### Your goal
An exact restatement is required. Cover only the lines of the records from the first through the line with "若你的电脑中已安装并配置 VS Code", and skip pictures.

(Saved data entries)
· · · ·
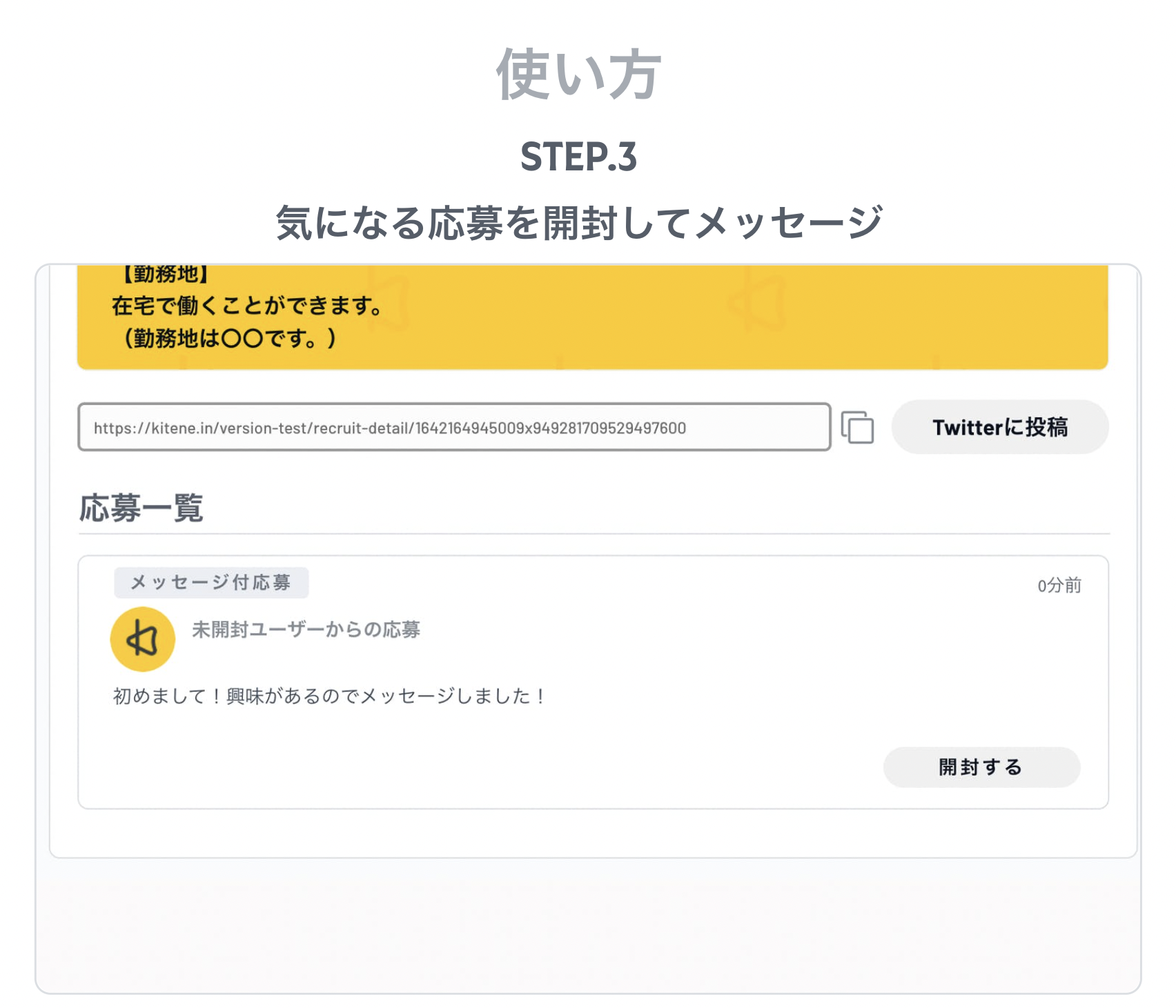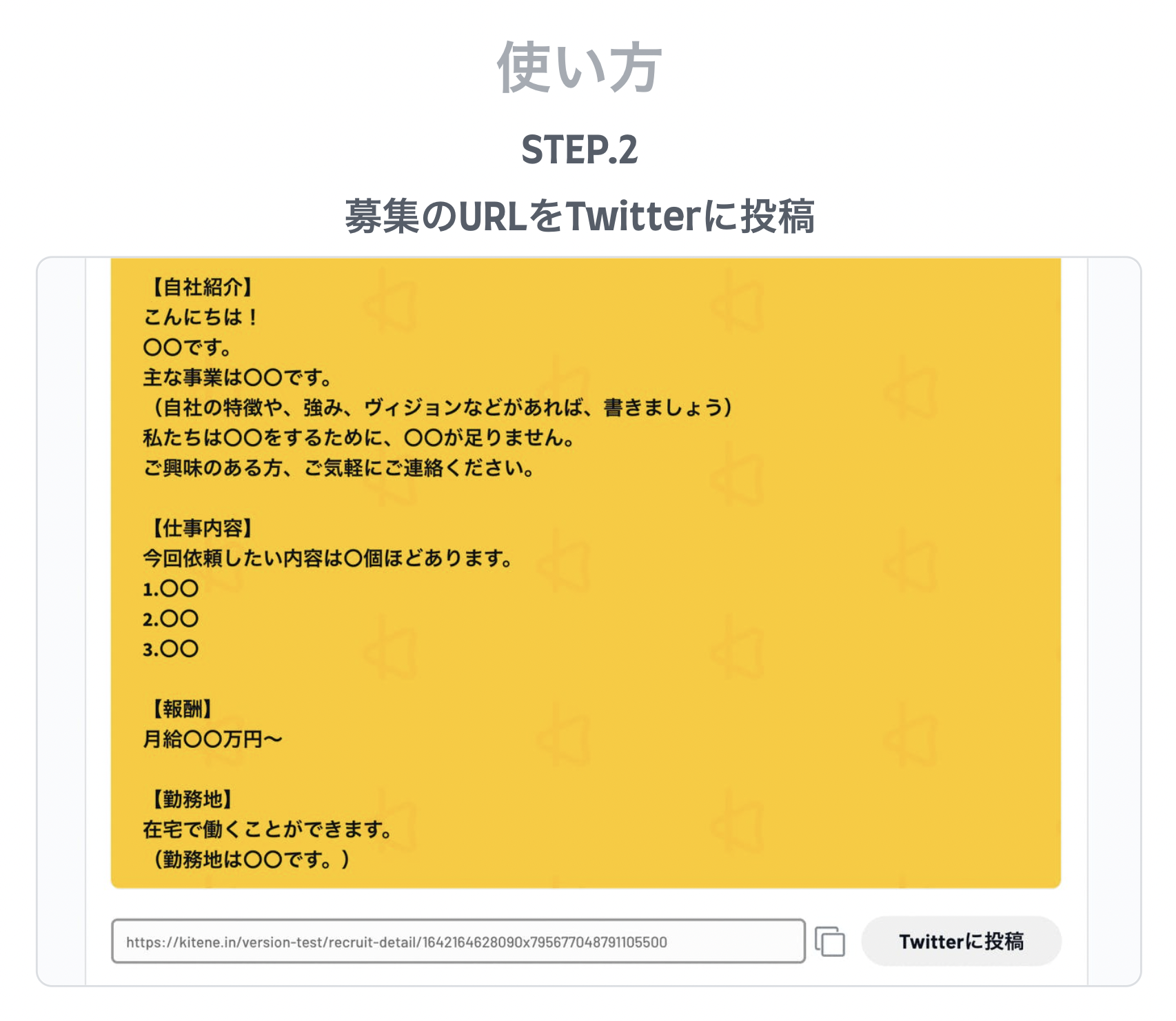 kiteneを利用して募集を投稿するメリットとして、Twitterの140文字という文字数制限に関係なく詳細を記載することができ、画像を活用して募集内容が表示できます。
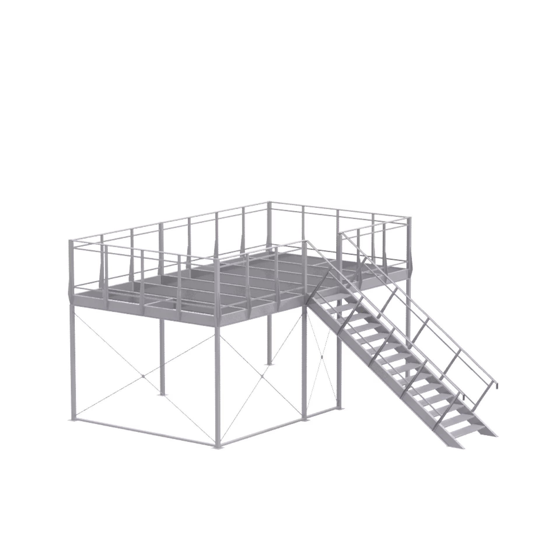1 × basic module 4 × 4 and extension module 3 × 4, including railing supports for parapet height of 1150 mm, single flight of stairs 35° left, 14 × step DFL 532, not included: walkable floor disc (2 × 19 mm) and parapet infills
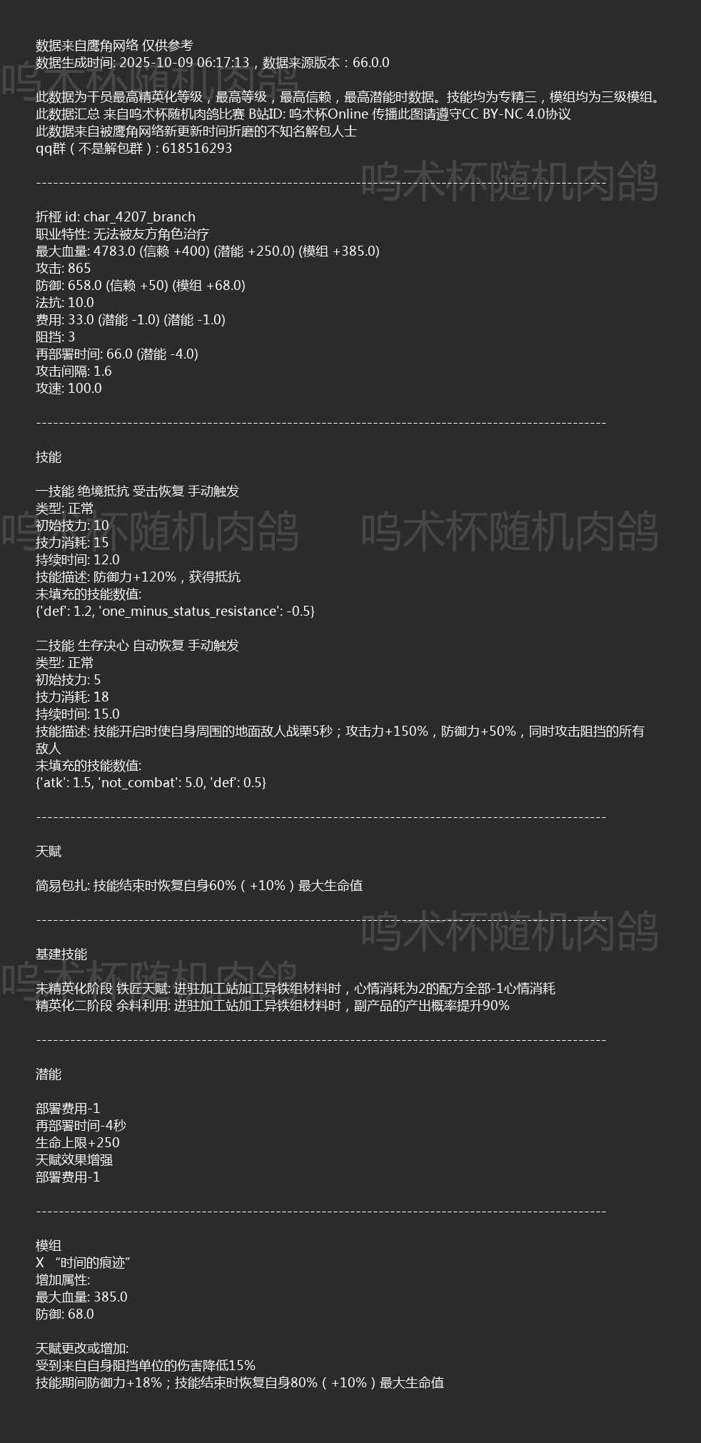冬时1技能7技力回3费有点拉了……有模组满潜+17攻速。2技能+40攻速停顿1秒。初动10秒持续9秒。
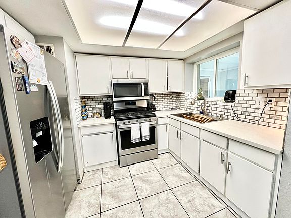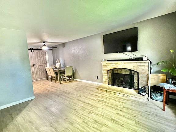 Beautifully landscaped, 3 bedroom, 2 bath home on the West side! Step inside and be greeted by custom paint, upgraded wood laminate flooring, a large wood burning fireplace, dining area with ceiling fan, kitchen with custom tile floors and custom tile backsplash and stainless steel appliances including a built in microwave. Beautiful barn doors lead to a fully enclosed patio room. Outside there is another covered patio with stamped concrete. The large backyard features a built in gas firepit along with a dog kennel. Both bathrooms have upgraded custom tile in the bathtub / shower. The master bedroom has it's own master bathroom and there are washer and dryer hook-ups in the hall closet. There is also a 2 car attached garage and the HVAC was replaced approximately 2 years ago. Come see this wonderful home today!
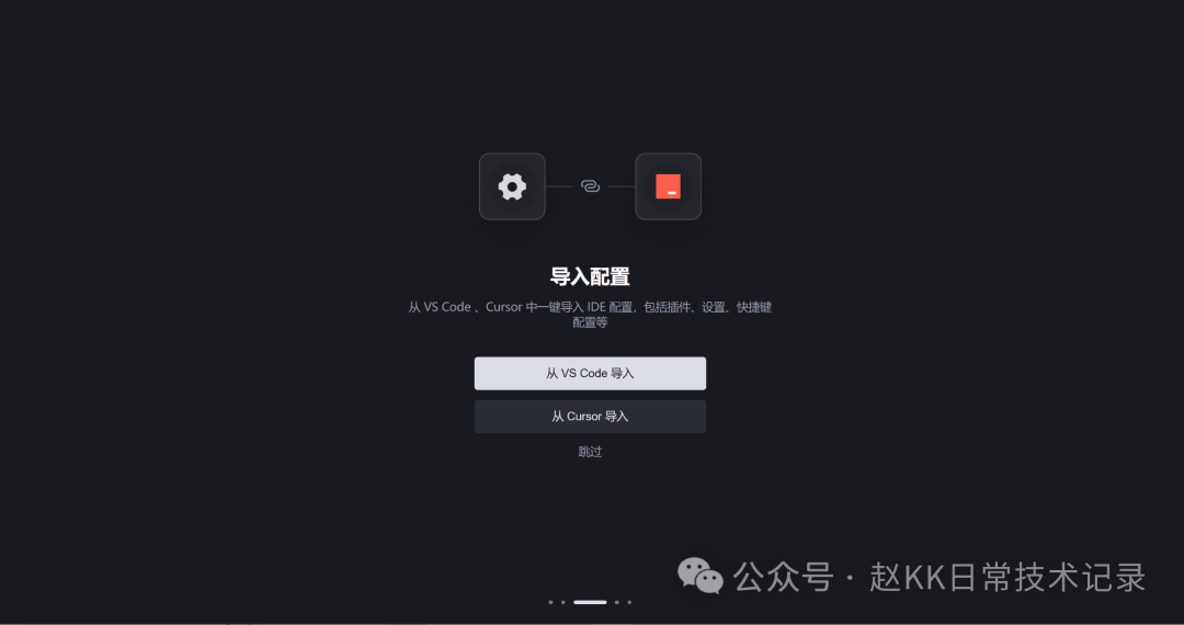 若你的电脑中已安装并配置 VS Code 或 Cursor,你可以点击 从 VS Code 导入 或 从 Cursor 导入 按钮。系统将会从对应的 IDE 中获取插件、IDE 设置、快捷键设置等信息并一键导入到 Trae 中,帮助你快速从其他 IDE 切换到 Trae。
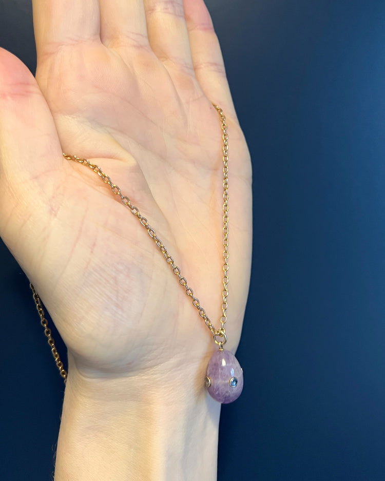 The egg has a pegged high carat bail, with a good size gold jump ring, making it easy to add to most chains.
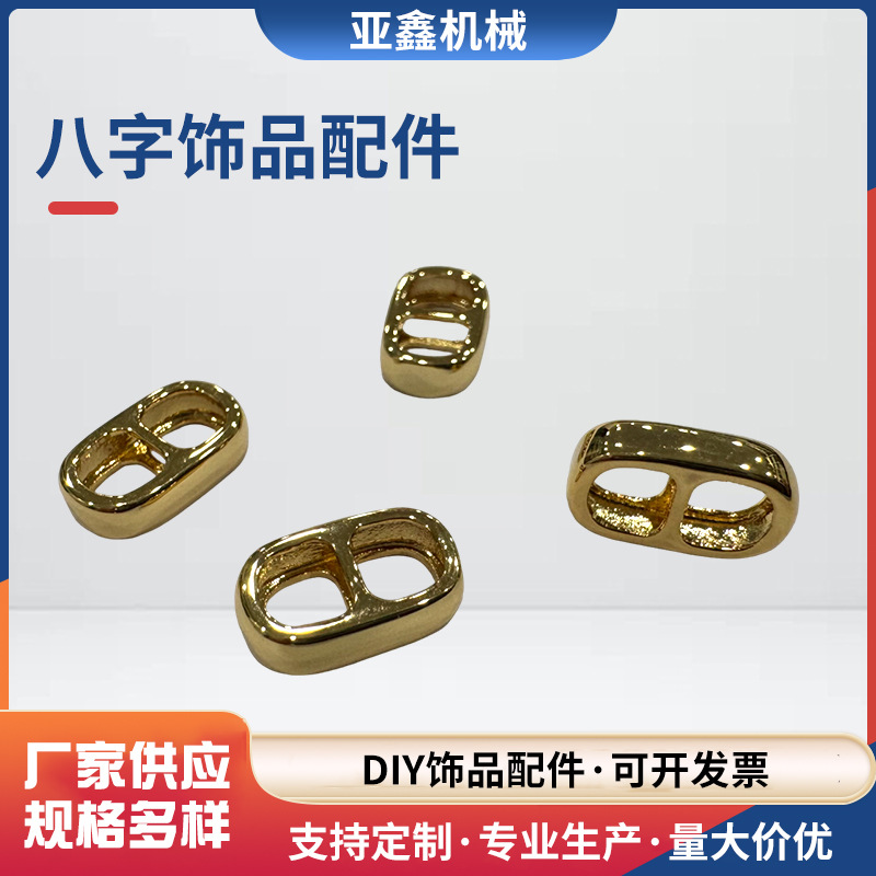 18K金八字8字扣猪鼻子双孔硅胶隔珠手工手链调节珠饰品配件
· · · ·
### Solved exercise
 kiteneを利用して募集を投稿するメリットとして、Twitterの140文字という文字数制限に関係なく詳細を記載することができ、画像を活用して募集内容が表示できます。
1 × basic module 4 × 4 and extension module 3 × 4, including railing supports for parapet height of 1150 mm, single flight of stairs 35° left, 14 × step DFL 532, not included: walkable floor disc (2 × 19 mm) and parapet infills
冬时1技能7技力回3费有点拉了……有模组满潜+17攻速。2技能+40攻速停顿1秒。初动10秒持续9秒。
 Beautifully landscaped, 3 bedroom, 2 bath home on the West side! Step inside and be greeted by custom paint, upgraded wood laminate flooring, a large wood burning fireplace, dining area with ceiling fan, kitchen with custom tile floors and custom tile backsplash and stainless steel appliances including a built in microwave. Beautiful barn doors lead to a fully enclosed patio room. Outside there is another covered patio with stamped concrete. The large backyard features a built in gas firepit along with a dog kennel. Both bathrooms have upgraded custom tile in the bathtub / shower. The master bedroom has it's own master bathroom and there are washer and dryer hook-ups in the hall closet. There is also a 2 car attached garage and the HVAC was replaced approximately 2 years ago. Come see this wonderful home today!
 若你的电脑中已安装并配置 VS Code 或 Cursor,你可以点击 从 VS Code 导入 或 从 Cursor 导入 按钮。系统将会从对应的 IDE 中获取插件、IDE 设置、快捷键设置等信息并一键导入到 Trae 中,帮助你快速从其他 IDE 切换到 Trae。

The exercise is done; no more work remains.